Sajak itu, bersama beberapa bahan pelajaran dibuang begitu saja —ketika sang mahasiswa hendak kembali ke Indonesia. Karena mungkin itulah pertama kali ia membuat sajak, isinya sangat kentara mengungkapkan kerinduan kepada keluarga di tahun awal berada di asrama Normanby.
Ketika sajak itu ditulis, Ibnu Wahyudi, dosen Fak Sastra UI belum datang ke Clayton. Jadi, ia tidak sempat mengkonsultasikannya kepada Ibnu Wahyudi tentang bagaimana membuat sajak apik.
Dalam keadaan beginilah, seperti diceritakan Mohamad Sobary kepada saya, seorang mahasiswa yang sudah senior gelisah dan bermurung durja.
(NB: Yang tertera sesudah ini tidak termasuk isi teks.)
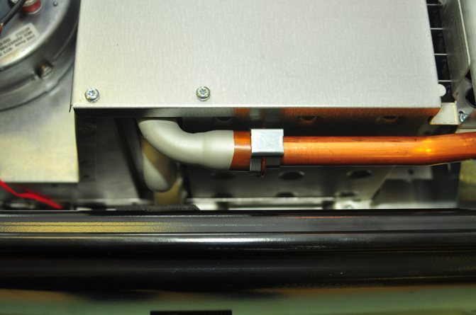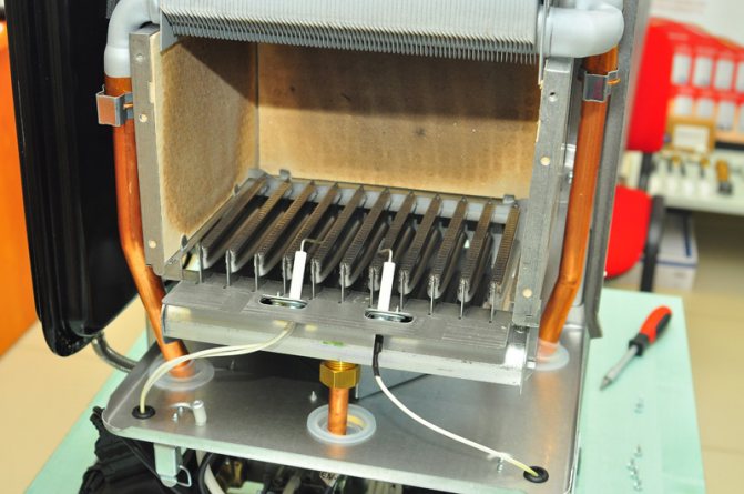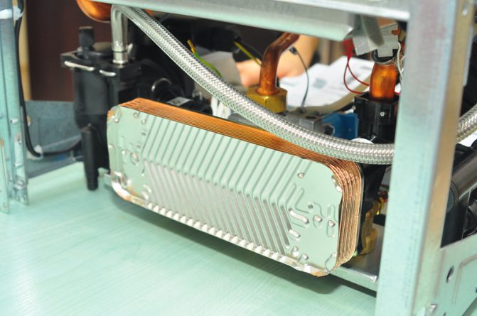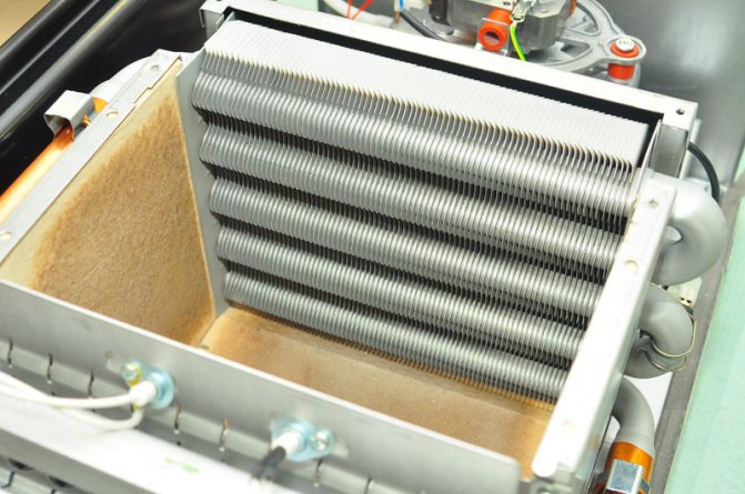 L'échangeur de chaleur secondaire de la chaudière à gaz Protherm (Proterm) Rys 24 est en acier inoxydable.

Daripada kita selalu menjadi ‘konsumen’ guyonan Kiai Abdurrahman Wahid, maka biar sekali-sekali kita bercerita, sang kiai yang tertawa. Dan memang benar, ketika apa yang diceritakan Sobary itu saya sampaikan, Kiai Abdurrahman Wahid tertawa mengakak.
Bagaimana ceritanya?
Karena telah begitu rindu kepada keluarga, maka sang mahasiswa di atas menyiapkan uang A$20 untuk menelpon. Uang itu dipecah-pecah dalam unit A$2. Dengan cara ini, ia bisa menyambung telpon dengan memasukkan koin A$2 —tiap-tiap telepon hendak terputus.
Setelah berbicara dengan isteri secukupnya, tibalah gilaran ia bicara dengan empat putra-putrinya. Dan tiap anak selalu mendapat nasihat penutup. Bunyinya begini: ‘Sinawu sing mempeng. Ajo lali shalat.’ Dan ini tentunya diucapkan berulang.
Karena terlalu sering dan tak lagi konsentrasi, akhirnya sang mahasiswa tak lagi sadar. Dan inilah nasihat yang diberikan kepada anak yang mendapat giliran bicara terakhir ditelpon itu: ‘Sinawu sing mempeng. Ajo shalat!’